S&P affirms PH credit rating despite pandemic
Standard & Poor's affirmed on May 29, 2020 its 'BBB ' long-term and 'A-2' short-term sovereign credit ratings on the Philippines. The outlook on the long-term rating remains stable.
"The stable outlook reflects our expectation that the Philippines' orthodox policymaking will continue to underpin its credit metrics, and that the economy will rebound strongly in 2021," S&P said in a statement.
The debt watcher said the Philippines' economy should achieve a strong recovery from 2021, following a deep slowdown due to the COVID-19 pandemic this year.
"Although the economic slowdown will weigh heavily on fiscal and debt metrics over the near term, we expect a meaningful stabilization over the next three to four years owing to strong economic fundamentals and generally orthodox policymaking," it said.
"We may lower the rating if the economy suffers from a sharper and more prolonged downturn than we expect, leading to a material deterioration in the Philippines' fiscal and debt positions," it said.
"We may raise the rating over the next two years if the economy recovers much more quickly than expected, and the government makes significant further achievements in its fiscal reform program, such that the net general government indebtedness falls below 30 percent of GDP. We may also raise the rating if we believe the institutional settings that have contributed to the significant credit metric improvements over the past decade or so will persist," S&P said.
S&P said the ratings on the Philippines reflect its expectations that the economy will continue to achieve above-average growth over the medium term, which will drive constructive development outcomes and underpin broader credit metrics.
Although the country's fiscal and debt settings will deteriorate due to the COVID-19 stimulus measures, the government's long track record of fiscal prudence provides some buffer, assuming a meaningful stabilization begins in 2021. The ratings are also supported by the economy's sound external settings. These are weighed against the Philippines' lower-middle-income economy, it said.

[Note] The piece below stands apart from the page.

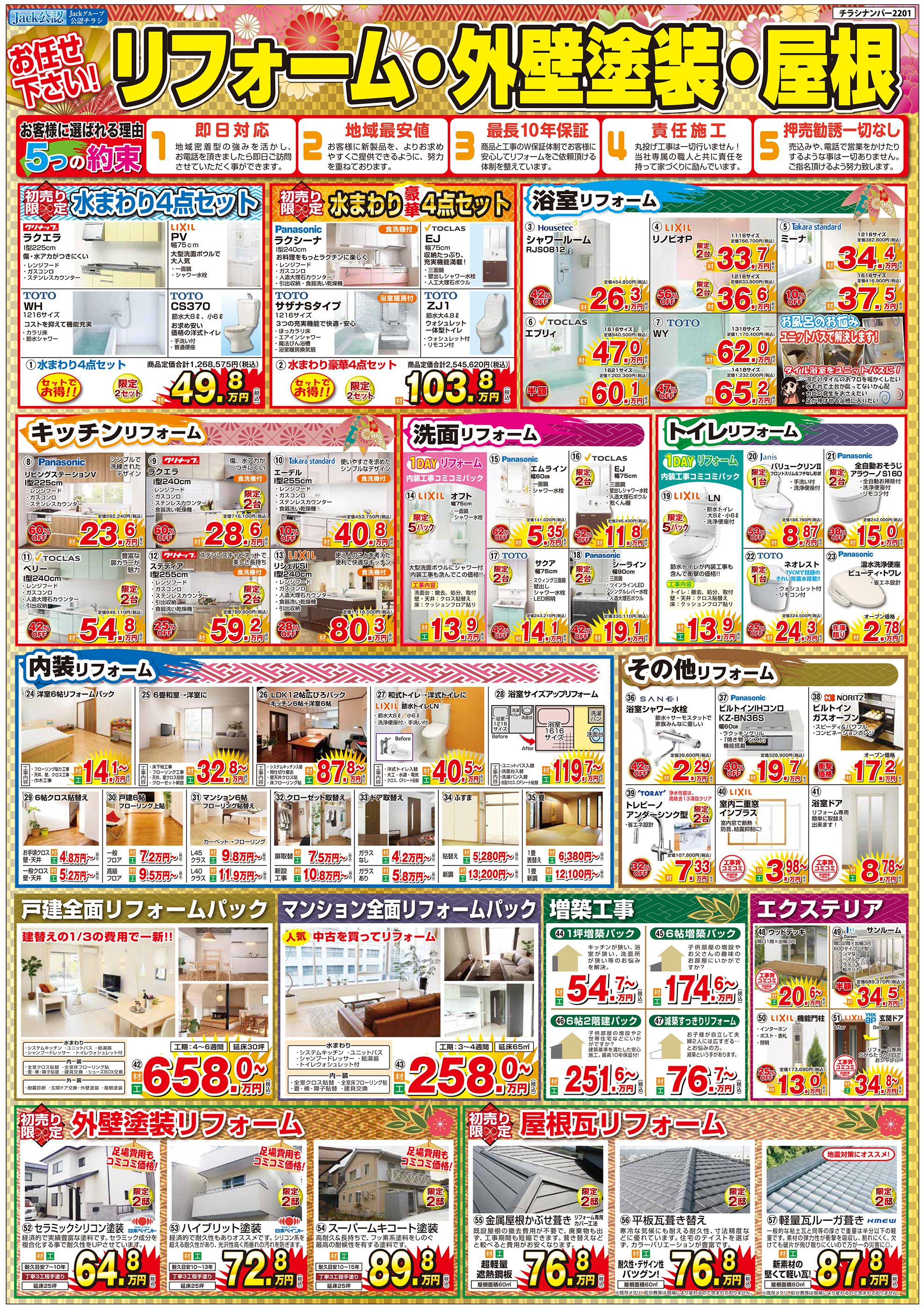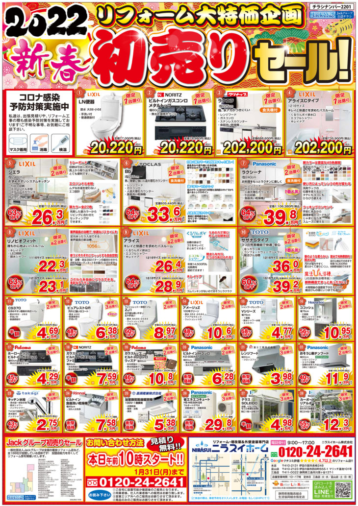 リフォーム価格 屋根診断 来店申し込み 韮山店 三島店 閉じる HOMEイベント情報チラシ2022年新春リフォーム大特価企画初売りセールチラシです! EVENTS 2022年新春リフォーム大特価企画初売りセールチラシです!(終了しました) 1 即日対応! 地域密着型の強みを活かし、お電話頂いたら即日対応させていただきます。2 地域最安値 お客様に良いものを、よりお求めやすくご提供できるように、努力を重ねております。3 最長10年保証 商品と工事のW保証体制でお客様に安心してリフォームをご依頼いただける体制を整えています。4 責任施工 丸投げ工事は一切行いません!当社専属の職人と共に責任を持って家づくりに励んでいます。5 押売勧誘一切なし 無理な売り込みや、電話で営業をかけたりするような事は一切ありません。 一言 お見積り無料!まずはお電話下さい!! 必須お名前 必須電話番号 必須イベント名 任意参加希望日 —以下から選択してください— 任意会場名 任意参加人数 任意メールアドレス 任意郵便番号 住所検索 任意住所 任意お問い合わせ内容 ※お急ぎの方は、 直接 0120-24-2641(10:00~17:00)まで、お電話ください。 ※相談内容は個人情報保護法に適用いたします。 24時間以内に回答を心がけておりますが、相談内容等によって、 2〜3日かかる事もございますが御了承下さい。 お電話でもお気軽にどうぞ! 内容をご確認の上、よろしければ下記の「入力内容を確認する」ボタンを押して下さい。 個人情報利用目的 ・お客様のご要望に合わせたサービスを提供させていただくための各種ご連絡。 ・お問い合わせいただいたご質問への回答のご連絡。 尚、お客様から収集する個人情報は弊社の定めるプライバシーポリシーに則って厳重に管理いたします。 プライバシーポリシー 弊社では、利用者のみなさんの個人情報がきちんと守られることを、何よりも大切にしています。また、利用者ご本人への事前の許可なしに第三者に個人情報を配送作業以外に開示することは絶対にいたしません。 どんな些細な事でも結構です。ご相談、お見積もりなど、お気軽にご連絡下さい。上記メールフォームからご連絡いただくか、電話にてご連絡下さい。 必須マークがついている項目は必ずご記載下さい。(株)、(有)や丸囲み数字等の機種依存文字は、文字化けの原因となりますので、使用しないようお願いいたします。 チラシ一覧はこちら イベント情報一覧はこちら ニラスイホームについて 会社案内代表挨拶会社概要企業理念アクセスマップ 選ばれる理由 リフォームショールーム ニラスイホーム 伊豆の国韮山店 ニラスイホーム 三島店 スタッフ紹介 採用情報 求職者向け 社長インタビュー 施工事例 施工事例一覧 地域で選ぶ 三島市 沼津市 伊豆の国市 伊豆市 清水町 長泉町 函南町 熱海市 伊東市 御殿場市 リフォームの種類で選ぶ フルリフォーム・リノベーション 水回り3点・4点リフォーム キッチンリフォーム 風呂・浴室リフォーム トイレ・便器の交換リフォーム 洗面台リフォーム エコキュート・給湯器の故障・修理・交換 IHクッキングヒーター・ガスコンロ 内装リフォーム 和室リフォーム 押入れ・クローゼット 建具・内装ドア 玄関ドアの交換 内窓・窓サッシ交換 外壁屋根塗装・外壁補修 外壁サイディング工事 屋根修理・葺き替え ベランダ・バルコニー防水 雨どい交換 外構エクステリア(サンルーム、テラス、ウッドデッキ) 駐車場・カーポート 配管修理・交換 その他 物件種別で選ぶ 一戸建て マンション・アパートのリフォーム 店舗・工場・倉庫、オフィス・事務所 お客様の声 お客様の声一覧 お役立ち情報 節約リフォーム ¥97,900(税込) 浴室 ¥35,200~(税込) TOTO ¥51,260~(税込) キッチン ¥177,100 ~(税込) トイレ ¥97,900(税込) 洗面 ¥60,100(税込) 給湯器 ¥99,800(税込) エコキュート ¥282,700~(税込) 水まわりパック ¥658,000(税込) キッチン水栓 ¥62,920~(税込) 浴室用水栓 ¥23,000(税別) コンロ ¥20,240(税込) 換気扇 ¥11,253~(税込) 外壁・屋根塗装 ¥502,700(税込) 屋根葺き替え・カバー工法 ¥883,000(税込) 窓 ¥26,080~(税込) 玄関ドアの交換・取替リフォーム ¥261,800~(税込) ニラスイホームのリフォーム応援セール!お得に快適生活を手に入れよう! 三島・沼津・伊豆の国周辺でエコキュートの故障・修理・交換ならニラスイホーム ニラスイホームの水まわり4点パックキャンペーン 補助金を使ってお得に内窓リフォーム! マンション水まわり3点セットキャンペーン リフォーム費用・相場 LINEで簡単相談・見積もり 現場ブログ イベント・チラシ情報 バリアフリーリフォーム リフォーム価格表 キッチン 浴室 トイレ 洗面 外壁・屋根塗装 屋根診断 協力施工業者大募集 住宅省エネ2026キャンペーン 先進的窓リノベ2026事業 みらいエコ住宅2026事業 給湯省エネ2026事業 よくあるご質問 お問い合わせ お問い合わせ お見積もり ご来店申し込み LINEで簡単相談・見積もり 韮山店 三島店 © 2018 ニラスイホーム株式会社

"The Philippine economy is likely to experience a contraction of 0.2 percent in 2020 as a result of the COVID-19 pandemic, but we expect a strong recovery in 2021, assuming that the global outbreak is generally contained," the credit rater said.
"Although this would mark the slowest economic growth rate since the Asian financial crisis, it is in line with the deep downturn we forecast for the global economy. Assuming that the pandemic is contained globally by the first half of 2021, we are forecasting the economy will expand by 9 percent next year, underpinned by strong growth in investment and exports," it said.
The Philippine economy is among the fastest growing in the world on a 10-year weighted-average per capita basis--a reflection of its supportive policy dynamics and improving investment climate. The country has a relatively diversified economy with an increasingly strong track record of high and stable growth.
"We estimate GDP per capita will rise to almost US$3,540 in 2020 (we include nonresident nationals in our population data) and project real GDP per capita growth to average approximately 4.2% per year over 2020-2023," it said.